## ACTIVITY
Output exactly the lines from the line that has "W projekcie wykorzystano" through the last line of the data below, with no pictures.

BEGIN RECORD EXTRACTS

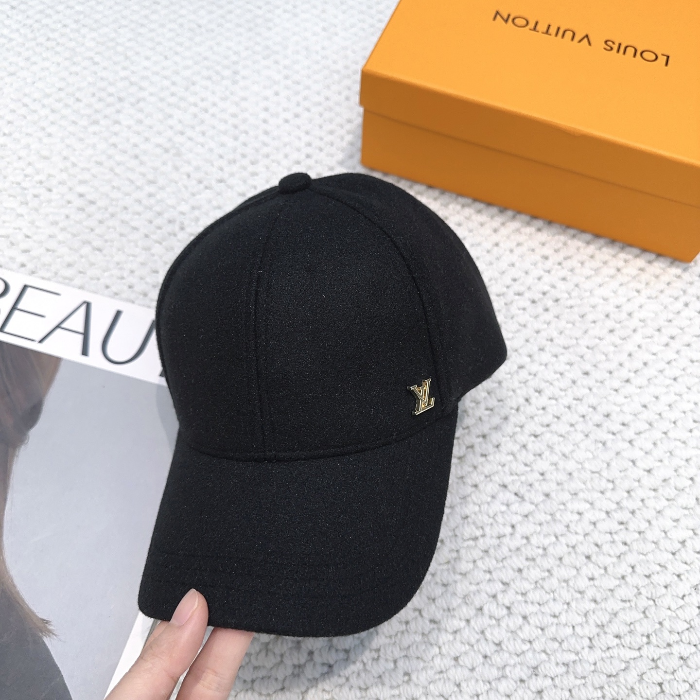Solid color cashmere baseball cap
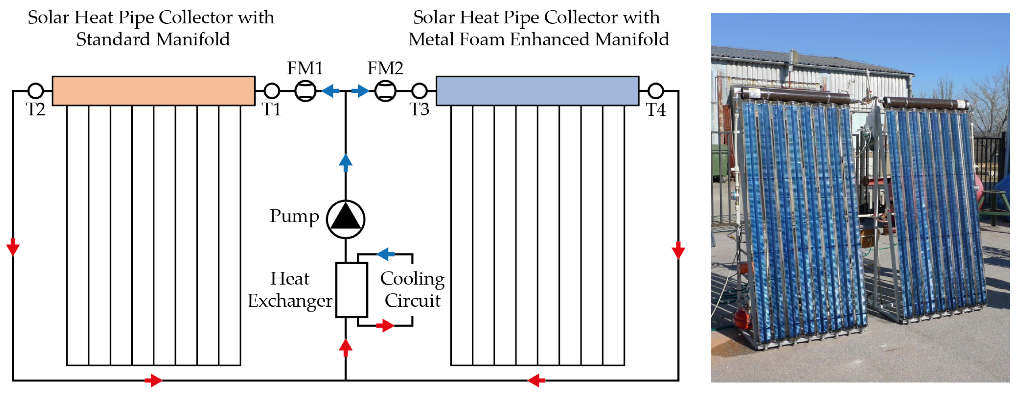 Although the modified exotic materials or manufacturing techniques, the metal foam inserts and foam-glass blocks used in the prototype are commercially available products, while the manifold body itself can be manufactured using standard forming and joining processes commonly employed in solar collector production. Importantly, the proposed modification is confined to the manifold region and does not require changes to the evacuated tubes, absorbers, or external collector geometry. This modularity supports reproducibility and scalability, as the metal foam elements can be pre-fabricated and assembled using established production workflows. Although a detailed cost analysis was not within the scope of the present study, the limited increase in component complexity suggests that the proposed design is compatible with industrial-scale manufacturing and warrants further techno-economic evaluation.
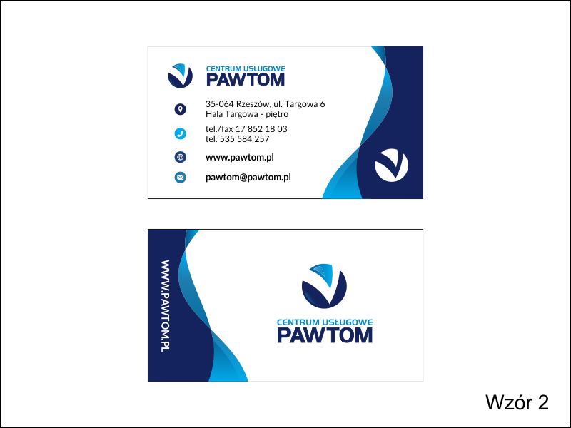 W projekcie wykorzystano podzielenie przestrzeni wizytówki na dwie różnokolorowe strefy białą i niebieską.
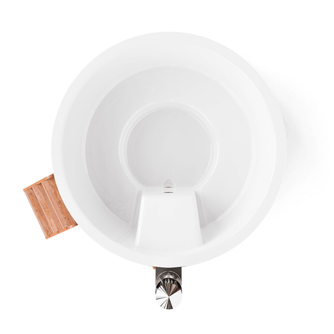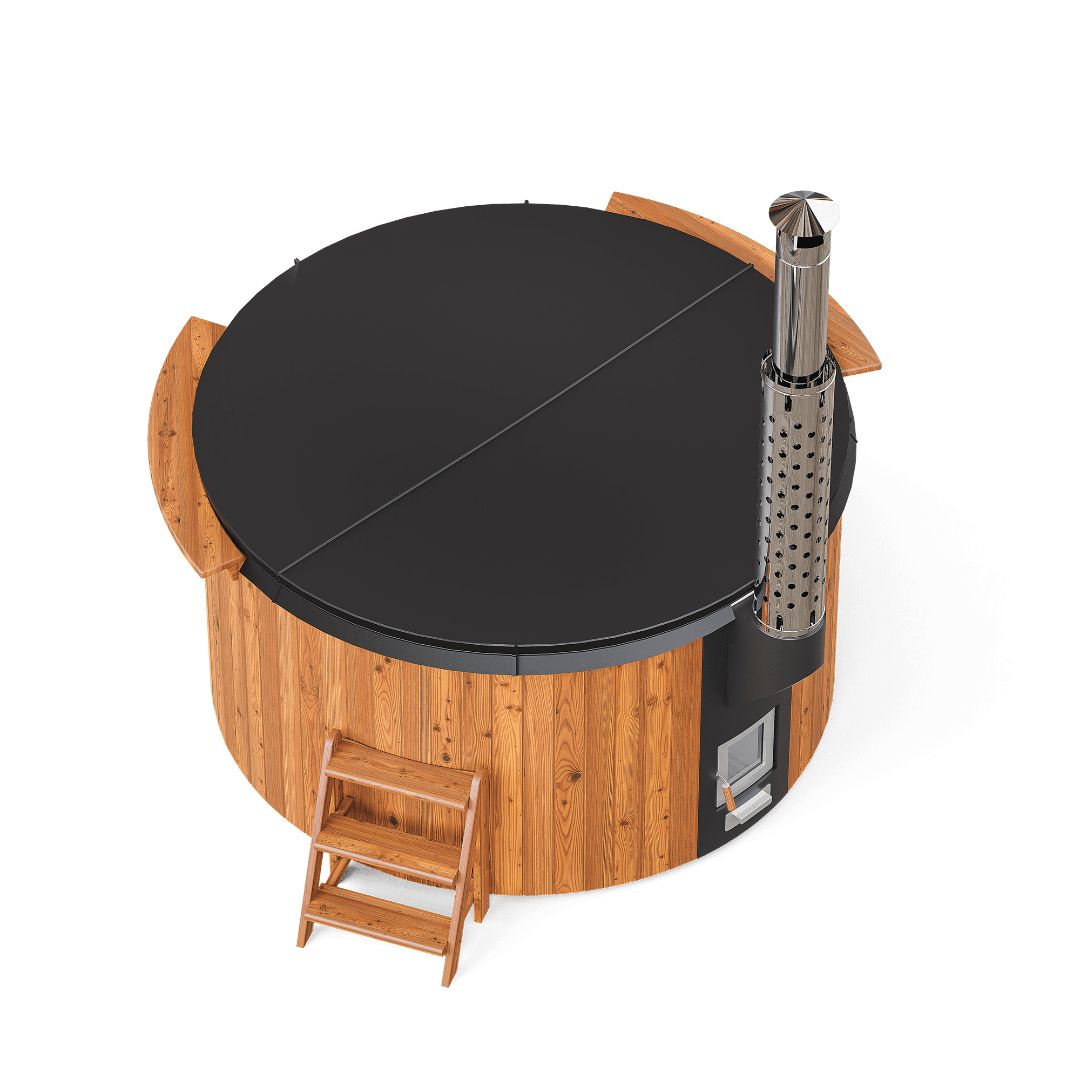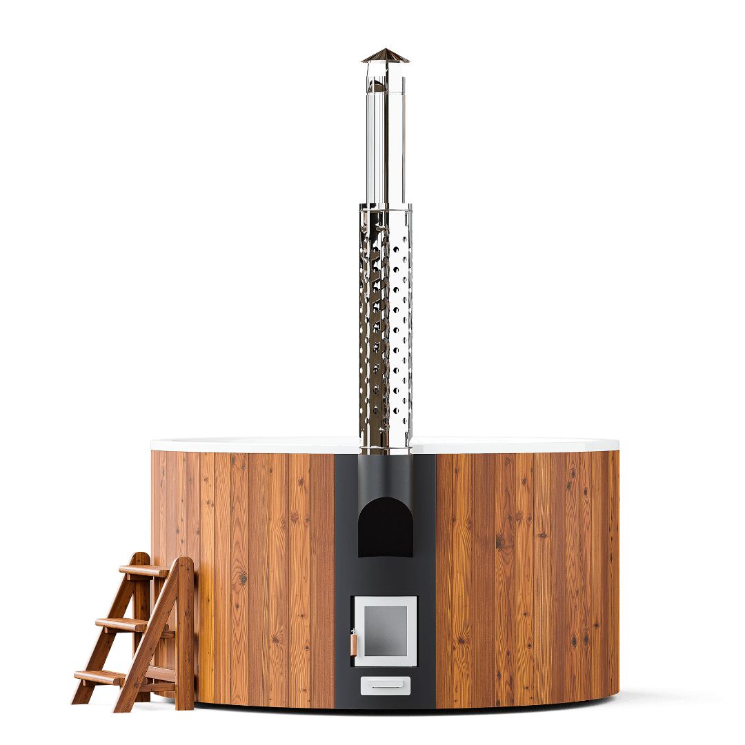 Модель полностью оправдывает свое название. Функциональность и дизайн изделия призваны сделать отдых премиальным. Чаша выполнена из высококлассного многослойного композита, а дополнительные защитные и декоративные свойства ей придает инновационное покрытие — гелькоут немецкой компании BUFA. Обшивку изготавливаем из экологичной термососны приятных оттенков. Выбирайте темный или светлый вариант, чтобы купель органично вписалась в дизайн окружающего пространства.
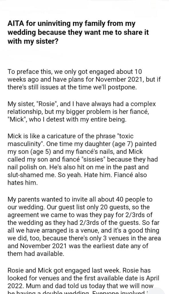 AITA for uninviting my family from my wedding

END RECORD EXTRACTS

## WORKED SOLUTION
 W projekcie wykorzystano podzielenie przestrzeni wizytówki na dwie różnokolorowe strefy białą i niebieską.
 Модель полностью оправдывает свое название. Функциональность и дизайн изделия призваны сделать отдых премиальным. Чаша выполнена из высококлассного многослойного композита, а дополнительные защитные и декоративные свойства ей придает инновационное покрытие — гелькоут немецкой компании BUFA. Обшивку изготавливаем из экологичной термососны приятных оттенков. Выбирайте темный или светлый вариант, чтобы купель органично вписалась в дизайн окружающего пространства.
 AITA for uninviting my family from my wedding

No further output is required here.